Tuesday, February 06, 2007

D. R. Davies XIV: 'In the Far Country'

D. R. Davies arrived in London with great hopes. He had become notorious at Southport, where he had, in his eyes, suffered for Socialism. His inetntion was to become a freelance journalist and bring his wife down as soon as he could. A meeting with miners' leader A. J. Cook (pictured) secured letters of introduction to a number of Labour politicians. Yet all was to no avail. In a year, Davies made exactly six pounds and three shillings, half for an article on Sheep-dog trials, the other for an article on Suffragettes which never appeared in print. He was forced into stringent economy as he fell into poverty, a poverty for which he was not prepared:

"Like thousands of other ministers and clergy, I had glibly uttered the second-hand truths and consolations of religion. But now I learnt what no college or university could possibly have taught me: that in religion second-hand truth is futile."

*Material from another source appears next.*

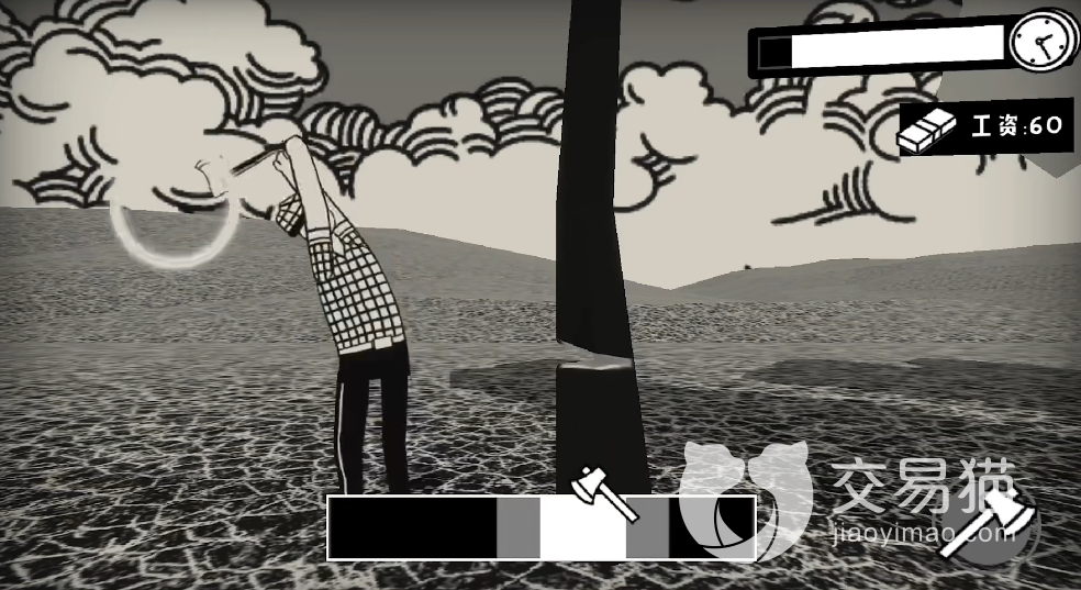 与其他经营类不同,其制作组并没有对工作过程进行省略,玩家需要通过各种操作来保证工作流程的顺利,比如上图中的伐木,就是需要依靠在合适时机点击进度条才能成功。

He was forced to sell his library in order to survive. By this time, Davies no longer went anywhere near a church, and spent much of his time as a shiftless unemployed scholar, visiting the British Library whenever he could (much like Karl Marx). So ashamed was he that he steered clear of Congregationalists, despite their later assertions that they would have helped him.

A visit to Lewis Phillips, a friend of his wife, saw Davies moving to Enfield, where he landed a job addressing envelopes for a breakfast cereal company. Phillips, a Christian, paid for Davies' wife, Edith to join him, and she, too, took up the work of addressing envelopes. By now, Davies was forty years old, and seemed to have no future. Only an interest in music kept Davies from despair.

Indeed, this interest landed Davies a job as freelance lecturer on music for the HMV Record Company.

At this time, D. R. Davies had a meeting that would change his life forever. Attending a meeting at 55 Gower Street, Bloomsbury, Davies gave a speech that impressed a man called Dimitri Mitrinovic, the leader of a political movement called 'New Britain,' dedicated to the concept of a politically united Europe. A Serb by birth, Mitrinovic called Davies 'the man I've been seeking for the last fourteen years.'

With this step into a political movement stressing human effort, co-operation and organisation, Davies seemed to have turned his back completely on Christianity.